For the audience is growing, despite what seems to have been mostly indifference from the music industry. It has been a true folk music, growing out of social meeting places, shared and spread with only limited help from the Internet because the reception is so patchy in some of the areas where the music is strongest. Where you can get a reception, the music has spread particularly through YouTube videos, where the attitude is made explicit. This is the music of men (and it is mostly men) as big as the trucks they drive. Check out the Jawga Boyz’s ‘Ridin High’, for example. It puts the mud back into country (note also that the those partying along to the Boyz are not exclusively white)

It is, as said, the music of the people of Trump. There’s a revealing passage in Michael Wolff’s book Fire and Fury where someone asks Donald Trump what ‘white trash’ means. “They’re people just like me, only they’re poor”, he replies. It is both a rare piece of ruefulness and profoundly empathetic. And just as Trump’s core constituency has responded to someone who gives every indication of seeing and responding to the world as they do, so country rap addresses the concerns of an audience that didn’t expect anyone to understand them. Not that it is necessarily quite as political as you might expect, though there is some pro-Trump stuff, plenty on guns, and some waving of the wrong flag. A recent piece in Rolling Stone describes it thus:

Songs about jacked-up trucks, drinking, mudding and other virtues of so-called redneck life are standard, and rants extolling the virtues of the Confederate flag and the Second Amendment aren’t uncommon.

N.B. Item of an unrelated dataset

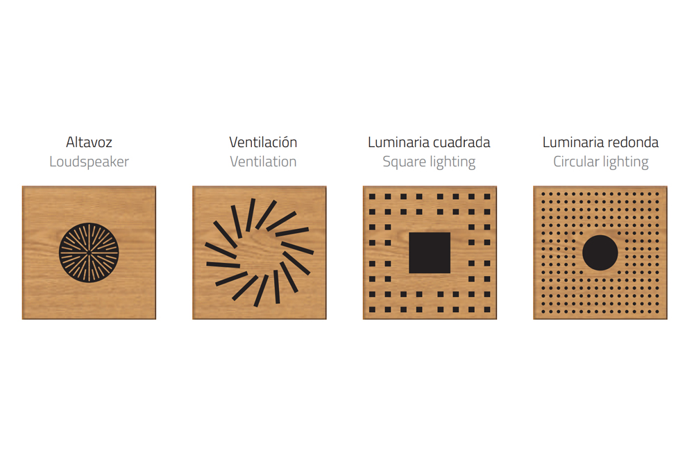 The advance of home automation and the technology applied to construction has put dozens of new surveillance systems, security, detectors and sensors on the market that can also be discreetly integrated into the wood accessible ceilings used in homes, offices and community service buildings. If you need a special complement to integrate a device in a ceiling, consult us about it. At Spigogroup, we are manufacturers and we can design special tiles to suit your needs.

Some of it is rather more thoughtful than that might suggest. In particular The River, the latest collection from the Redneck Souljers (who reportedly started out as a spoof hick-hop act before deciding to take themselves seriously) is music of sophistication and introspection, half lost in its own darkness.

Country music has long tradition of rapping, of a kind. You could trace its roots back to the talking blues of Woody Guthrie and Pete Seeger, or more recently to the growling Americana of James McMurty. It has always been about speaking from the heart. It’s about the power of words and a tune (or beat) to say that this is who we are, this is where you will find us, this is what only we will ever know because that is who we are. In age of progressively bland and homogenised popular music, it is quite thrilling to come across something that rediscovers what should be music’s raw power.

It is a music of defiance, that is both assertive and really quite sorrowful. After all, the reception in those areas remains weak, no one understands them yet, Trump is rich and they are still poor.